■ Records supplied:
■ ■ ■ ■ ■

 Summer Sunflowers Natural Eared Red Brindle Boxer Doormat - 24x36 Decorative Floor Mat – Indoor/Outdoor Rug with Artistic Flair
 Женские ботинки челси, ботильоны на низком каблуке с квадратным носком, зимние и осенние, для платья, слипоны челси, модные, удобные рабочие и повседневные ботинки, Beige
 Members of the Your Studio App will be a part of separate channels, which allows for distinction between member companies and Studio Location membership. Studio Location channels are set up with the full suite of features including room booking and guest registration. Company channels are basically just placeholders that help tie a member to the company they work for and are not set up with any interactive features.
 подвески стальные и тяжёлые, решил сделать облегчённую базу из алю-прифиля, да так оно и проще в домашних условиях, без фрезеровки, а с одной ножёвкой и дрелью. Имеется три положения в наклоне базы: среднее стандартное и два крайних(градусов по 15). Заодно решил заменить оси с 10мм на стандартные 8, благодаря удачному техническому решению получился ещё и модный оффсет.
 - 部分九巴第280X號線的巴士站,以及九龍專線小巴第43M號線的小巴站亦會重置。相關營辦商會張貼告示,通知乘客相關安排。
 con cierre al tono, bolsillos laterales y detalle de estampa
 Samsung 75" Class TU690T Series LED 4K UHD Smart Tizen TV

■ ■ ■ ■ ■

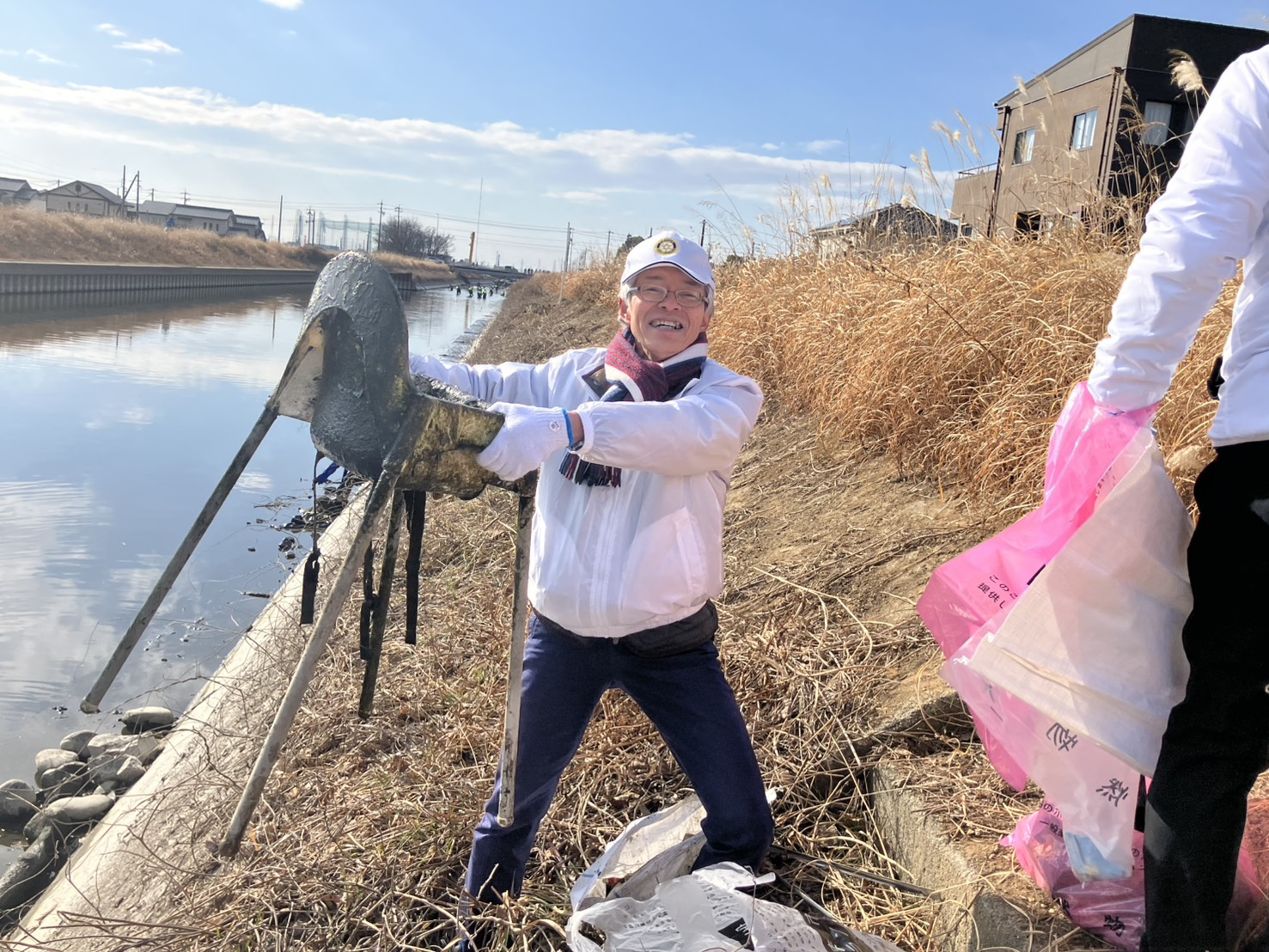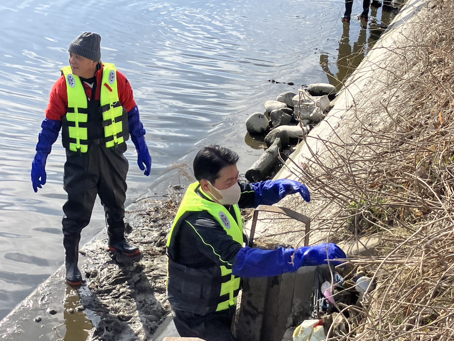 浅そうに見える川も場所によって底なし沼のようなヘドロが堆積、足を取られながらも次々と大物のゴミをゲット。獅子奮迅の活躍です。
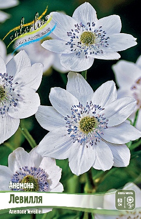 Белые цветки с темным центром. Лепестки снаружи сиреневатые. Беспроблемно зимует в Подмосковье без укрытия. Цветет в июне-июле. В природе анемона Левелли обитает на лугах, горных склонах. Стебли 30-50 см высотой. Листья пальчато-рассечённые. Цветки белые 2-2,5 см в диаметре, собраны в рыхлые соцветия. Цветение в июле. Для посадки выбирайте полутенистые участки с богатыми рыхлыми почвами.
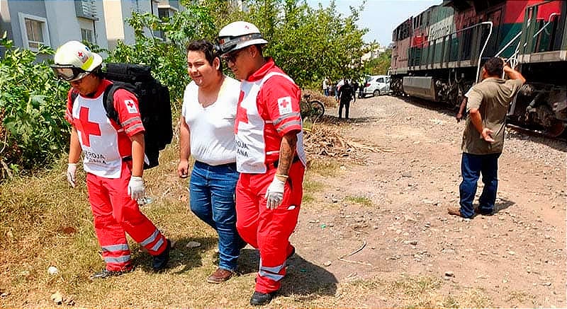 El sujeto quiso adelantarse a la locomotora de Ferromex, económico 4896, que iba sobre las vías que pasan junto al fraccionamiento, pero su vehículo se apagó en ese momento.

■ ■ ■ ■ ■

Would you please copy, word for word, everything above from the line containing "Женские ботинки челси, ботильоны" down to the line containing "Members of the", those two lines included?

 Женские ботинки челси, ботильоны на низком каблуке с квадратным носком, зимние и осенние, для платья, слипоны челси, модные, удобные рабочие и повседневные ботинки, Beige
 Members of the Your Studio App will be a part of separate channels, which allows for distinction between member companies and Studio Location membership. Studio Location channels are set up with the full suite of features including room booking and guest registration. Company channels are basically just placeholders that help tie a member to the company they work for and are not set up with any interactive features.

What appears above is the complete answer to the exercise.